FOTO : Dr. Rosadi Jamani (Ist)
Oleh : Ketua Satupena Kalimantan Barat, Dr. Rosadi Jamani
TENSI politik semakin tinggi. Sudah tak lagi sindir-menyindir. Tak ada kiasan lagi. Serangan sudah kian terbuka. Semakin panas dan bisa membuat manas.
Bermula dari ucapan Prabowo, Capres 02 menyindir dengan sebuah ajakan, jangan memilih pemimpin yang Omdo (Omong Doang). Publik tahu siapa yang dimaksud Prabowo itu.

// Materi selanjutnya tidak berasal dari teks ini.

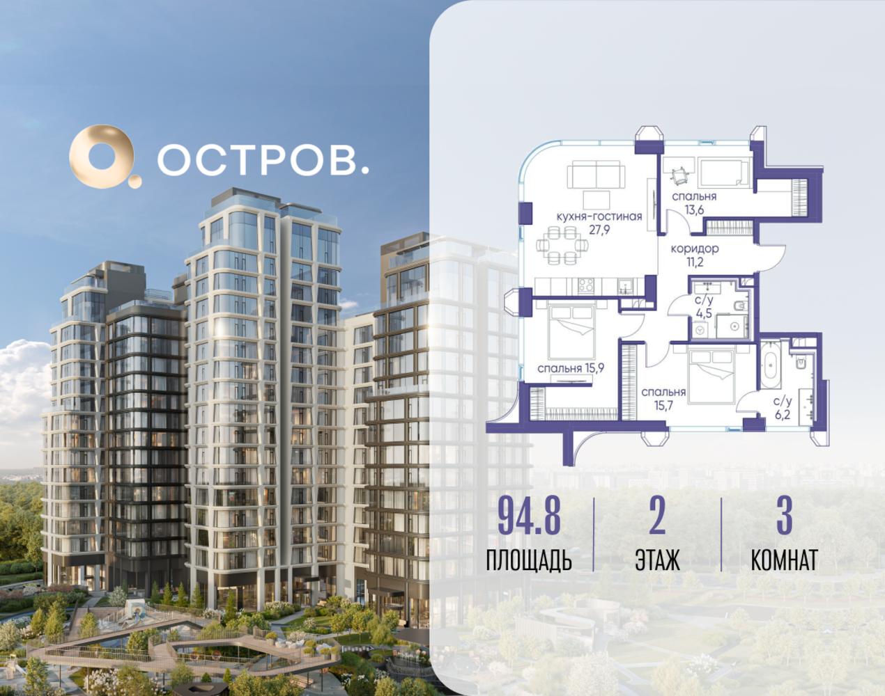 Продаётся 3-комн. квартира от застройщика: общая площадь 94.82 м², жилая 45.20 м², кухня 27.90 м², 2-й этаж, жилой квартал «Остров 12», корпус 1 (секция 3). Срок сдачи: 1 квартал 2029 года. 2 совмещенных санузла. В жилой зоне 2 больших окна на одну сторону, хорошая инсоляция. Позвоните сейчас и забронируйте квартиру! ОСТРОВ от Донстрой — жилой комплекс на западе Москвы, в Мневниковской пойме. Уникальное преимущество комплекса — в том, что он обособлен от города рекой и природным парком (650 га). Благодаря природному окружению эта территория имеет лучший экологический рейтинг в столице. Кварталы ОСТРОВА объединены ландшафтным дизайном в единое пространство — с набережными и Центральным бульваром. На ОСТРОВЕ любые объекты, необходимые для полноценной жизни и отдыха, находятся на расстоянии 15-минутной прогулки. Торговый центр и супермаркеты, кафе и рестораны, фитнес, салоны красоты, школы и детские сады. А также крупнейший в Москве спортивный кластер.

Tak ayal, pasca Omdo itu, muncul tanda pagar (#) “Asal Bukan Prabowo” atau #asalbukanprabowo di X. Tidak kurang 36 ribu kali warga X membicarakan Asal Bukan Prabowo itu.
Herald.id sempat menjadikannya berita utama Asal Bukan Prabowo itu. Tak ada lagi tedeng aling-aling, langsung menusuk ke nama. Inilah politik wak, kadang kejam. Kadang tak ada etika atau adat ketimuran. Serba telanjang.
Terus apa maknanya? Setelah Gibran dihantam sentimen negatif paling tinggi, dikatakan asam sulfat, nepo baby, samsul, apa yang terjadi? Di semua lembaga survei, tetap ranking tertinggi.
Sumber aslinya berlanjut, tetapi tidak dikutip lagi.